There actually was an article in Popular Photography recently regarding this and I found it really interesting. My mom passed away in January and I actually had my girlfriend's sister taking photos. It helps to have them around just in case I ever want to look back at the event itself and just contemplate things. I think it's key to set ground rules though, which is what we did (no photography of inside the coffin, etc.) Photos turned out "okay" since she's not pro or anything. I did have another friend's dad pass away and I offered to take photos, but there was no response so I didn't pursue it. Again, just be respectful and I think it's no different than shooting any other event.


----------



## Forkie (Mar 17, 2012)

That's little bit weird if you ask me.  What do you do, get them to all stand around the coffin?  What if it's an open coffin, do you shoot the corpse?  It's all types of wrong!


----------



## sleepwalker (Mar 17, 2012)

its a very interesting subject.....i remember my grandmas funeral there were no pics taken it just isnt done in my family
now my granddad i couldnt bear to see him dead let alone being buried (i did not go)  
do as high a quality as you normally do they can wait a week if thats what it takes they will understand in the long run
bravo for doing it


----------



## Balmiesgirl (Mar 17, 2012)

I was very careful to be respectful and unobtrusive. It was for a 22 yr old guy with a huge extended family. His mother is the client. She asked for photos of all of the extended family and photos of her standing next to the coffin... Yes it was open. Most all of the family thanked me for being there and let me know that they appreciated my services. I didn't do many during the funeral but did a ton of family groups at the cemetery. I think they realized how much they mean to each other and some members hadn't seen each other for 15 years.


----------



## Forkie (Mar 18, 2012)

Balmiesgirl said:


> She asked for photos of all of the extended family and photos of her standing next to the coffin... Yes it was open.

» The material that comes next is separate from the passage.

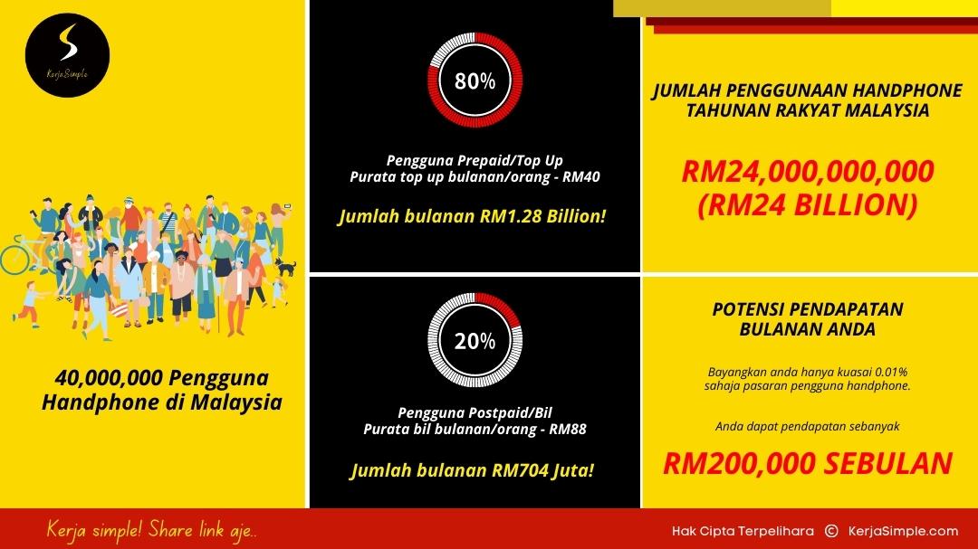 Mana tidaknya, rakyat Malaysia ada 30 juta tetapi pengguna handphone yang aktif ada 40 juta (ada orang guna 2-3 handphone dalam satu masa).

So now she can look at her dead son whenever she fancies it...

It takes all sorts to make a world I guess.


----------



## imagemaker46 (Mar 18, 2012)

I find it disturbing having an open casket anyway, not the way I want to remember the person.  Some 40 years my brother was once asked to shoot pictures of the recently expired, the family wanted to send out copies of the photo to the family and friends that couldn't attend.  He asked me if he should shoot it in black and white, or living colour, after we had a good laugh, he called his friend and said it couldn't shoot it.


----------



## raider (Mar 18, 2012)

i was hired to video one.


----------



## fokker (Mar 18, 2012)

The whole concept of documenting a funeral seems a bit odd to me. It sort of seems to detract from the significance of a funeral as a memorial for a loved one, when you have all these photos to look back. To me you should just remember the person, not try to remember the moment they were buried.


----------



## tailofspence (Mar 18, 2012)

fokker said:


> The whole concept of documenting a funeral seems a bit odd to me. It sort of seems to detract from the significance of a funeral as a memorial for a loved one, when you have all these photos to look back. To me you should just remember the person, not try to remember the moment they were buried.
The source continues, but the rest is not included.